Einen besonderen Stellenwert schreibe ich speziellen, krankengymnastischen Übungen zu, die sich im Zusammenhang mit Lähmungserscheinungen bei mir ganz vortrefflich bewährt haben: Die nach dem tschechischen Kinderneurologen "Vojta" benannte Behandlung, die einer Akupressurbehandlung wohl sehr nahe kommt, hat in meinem Fall unendlich viel Erleichterung und oft sofortige Hilfe gebracht. Dieses Vojta-Prinzip ist eine Art Bewegungstherapie, mit deren Hilfe es gelingt, bei Patienten mit neurologischen Bewegungsstörungen, wie sie bei meinen Beinen stark ausgeprägt waren, wieder normale Bewegungsmuster zu wecken. Aus meinem ursprünglich watschelnden Gang (die Fußheber funktionierten nicht mehr richtig), mein Mann sagte immer:" Heute läufst Du wieder wie Donald Duck", hat sich über die Jahre wieder ein fast normales Gehverhalten entwickelt, was von manch einem meiner mich behandelnden Ärzte eigentlich für unmöglich angesehen worden war. Zum Schluss muss ich noch ein Geständnis ablegen, das manch einen unter Ihnen überraschen mag: Es liegen mir relativ wenige Informationen vor, wie es anderen Leidensgenossen ergeht auch hier im Nahbereich unserer Klinik. Das wird wohl daran liegen, dass jeder Vaskulitispatient sein eigenes Krankheitsschicksal hat mit all seinen subjektiven Problemen. Die Bildung einer Selbsthilfegruppe ist daher meines Erachtens dringend erforderlich (diese gibt es inzwischen). Nach dem Motto: Nur Du allein schaffst es, aber Du schaffst es nicht allein.

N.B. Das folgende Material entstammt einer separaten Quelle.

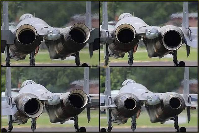苏-35S地面调试全维推力矢量喷口的不同状态组图。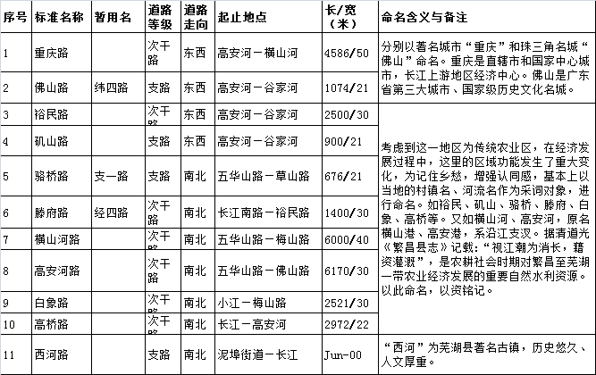 芜湖市区新建119条道路命名方案 看看有哪些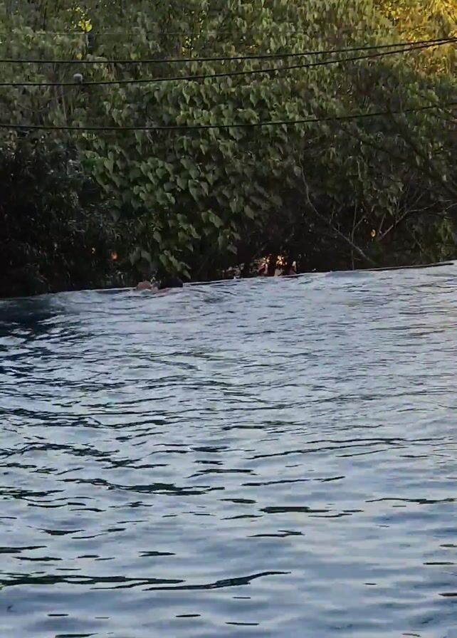The camera is oriented vertically and is focused on a swimming pool and its surrounding environment. A person's body is visible in the pool, appearing to swim across. Lush green trees and a hill are present in the background. The pool water reflects the sunlight, creating ripples and patterns on the surface.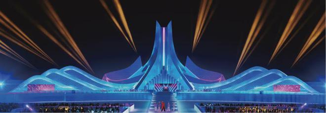 梦想大舞台在设计上独具匠心,以天鹅引颈高歌为灵感来源,巧妙借鉴了天鹅在鸣唱时引颈向上的优雅姿态。舞台中央高耸的冰柱与两侧波浪形结构相映成趣,宛如天鹅展翅翱翔,展现出无尽的动感与美感,同时也诠释了“绿水青山就是金山银山,冰天雪地也是金山银山”的设计理念,进一步提升了建筑的文化内涵与审美价值。

Trotz vieler angeklungener negativer Aspekte kann ich aber feststellen: Es ist möglich, in vielen Bereichen trotz oder mit der Krankheit ein weitgehend normales Leben zu führen, wenngleich einige der früher gesteckten Lebensziele im beruflichen und privaten Bereich sich nicht mehr realisieren lassen. Dafür rücken andere Dinge in den Vordergrund.

Die Vaskulitis hat ihren Schrecken als unmittelbare Lebensbedrohung verloren. Diese Tatsache ist u.a. vielen Forschern auf medizinischem Gebiet zu verdanken, denen wir zu besonderem Dank verpflichtet sind.